In R&D, all of our history and potential comes together in an environment that welcomes diversity of thought and amplifies every voice. Working closely with colleagues, you’ll play a key role in bringing our rich pipeline of products forward to help patients. Come join a team that’s earned trust for more than two centuries, and find out how advancing transformative therapies at Takeda will shape your bright future.
By clicking the “Apply” button, I understand that my employment application process with Takeda will commence and that the information I provide in my application will be processed in line with Takeda’s Privacy Noticeand Terms of Use. I further attest that all information I submit in my employment application is true to the best of my knowledge.
Job Description
OBJECTIVES/PURPOSE
- Lead study operational strategy and planning and oversee execution of clinical studies for the assigned clinical program(s), supporting clinical strategy defined in Clinical Development Plan (CDP).
- In close collaboration with Clinical Operations Program Lead (COPL) and Clinical Study Manager (CSM):
- Responsible for oversight of the execution of studies in the assigned clinical program(s) in compliance with quality standards (including ICH GCP, local regulations and Takeda SOPs), on schedule and on budget.
- Oversight of strategic CRO partners and/or other vendors to meet Takeda’s obligations described in ICH-GCP and Takeda’s business objectives.
- Represent Clinical Operations to contribute to CDP by providing regional operational expertise and strategic, inputs including study feasibility, budget, and timeline for assigned clinical programs
ACCOUNTABILITIES
- Accountable for developing regional operational strategy for assigned clinical studies.
- Contribute to the translation of CDP into an optimal operational strategy and plan. Lead assessment of various scenarios operational for optimal execution of CDP.
- Collaborate with key investigators to reflect feasible and realistic operational inputs to CDP and ensure timeline and quality of studies meet the needs of CDP.

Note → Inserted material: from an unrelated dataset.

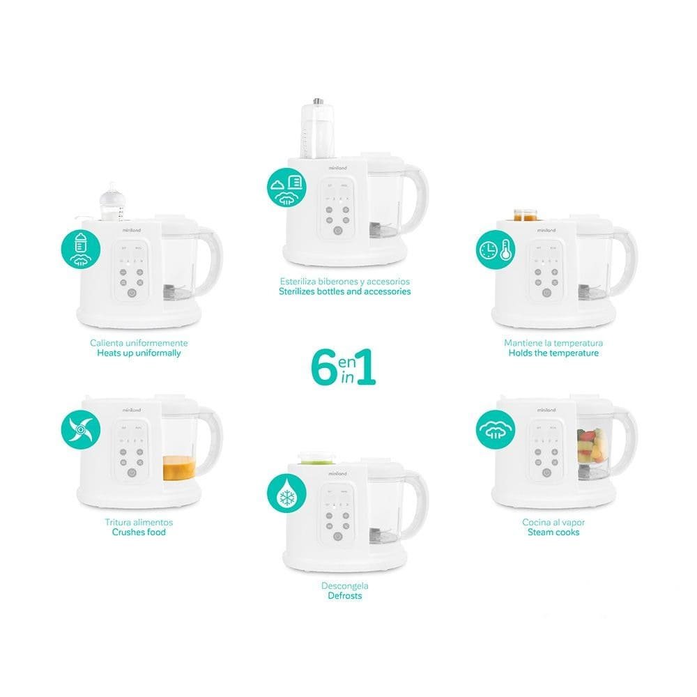 • Warms baby bottles and jars • Sterilizes baby bottles • Steams food • Maintains the temperature of baby bottles and jars • Crushes food • Defrosts bottles and jars
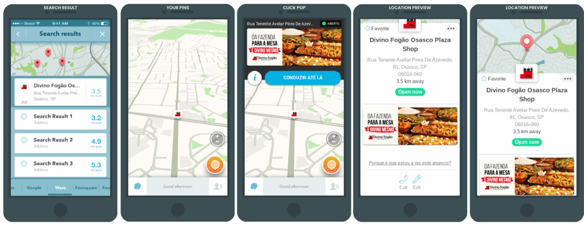 “Dentro da plataforma, ativamos quatro tipos de anúncios: busca patrocinada, com a marca em destaque na página inicial do aplicativo assim que o usuário procurar um local; takeover, um formato mais tradicional que surge na tela do motorista quando parado e que é configurado para aparecer ao público-alvo; pin, uma marcação do estabelecimento no mapa do usuário, como um outdoor digital; e arrow, que são as setas para os locais próximos exibidas ao abrir o aplicativo”, explicou Michelle.

- Provide subject matter expertise and operational input into protocol synopsis and protocol, obtaining opinions in terms of study execution from key investigators, as appropriate.
- Challenge study team to ensure that operational feasibility, inclusive of patient and site burden and that timelines meet the needs of CDP.
- Validate budget and ensure impacts are adequately addressed.
- Participate in site selection process, with a focus on providing country insights, and therapeutic expertise to ensure alignment between study execution plan and program strategy.
- Responsible for clinical study budget planning and management, and accountable for external spending related to clinical study execution. Works closely with relevant stakeholders (strategic CRO partners, other vendors, CSM, COPL, and Program Management, Outsourcing, and Finance) to ensure the accuracy of budget spending on a regular basis.
- Oversee strategic CRO partners and other vendors to ensure the overall operational execution and delivery of the assigned clinical studies in compliance with quality standards (including ICH GCP, local regulations and Takeda SOPs), on schedule and on budget. Oversight includes but is not limited to:
- Review and approval of key risk-based monitoring documents/plans, periodic review of outputs, decisions, and actions related to risk-based monitoring.
- Documented review and monitoring of issues, risks and, decisions at the study level.
- Support the identification of trends across sites and/or the study.
- Review and provide clinical operations expertise into clinical documents related to the drug development process:
- Creation and maintenance of clinical trial materials, such as Investigator Brochures, study synopsis & protocols, clinical study reports, etc.
- Preparation of key regulatory meetings, as appropriate.
- Collaborate with cross-functional counterparts and strategic CRO partners/other vendors to ensure inspection readiness and lead Clinical Operations aspects of inspection readiness activities and act as subject matter expert during regulatory inspections.
- Actively seek new ways of working more efficiently to meet the needs of clinical development, such as cost-reduction, time-savings, efficiency, and quality.
- Participate in Business Development/in-licensing/alliances evaluations by providing operational due diligence.
- Responsible for talent development, including training and mentoring less experienced staff.
- Seek an efficient way to maximize operational excellence in the cross-regional collaboration (e.g. Japan & Asia) with innovative ideas.
CORE ELEMENTS RELATED TO THIS ROLE
Program
- Provide operational expertise and strategic inputs to the development of CDP and lead assessment of various operational scenarios for optimal execution of CDP.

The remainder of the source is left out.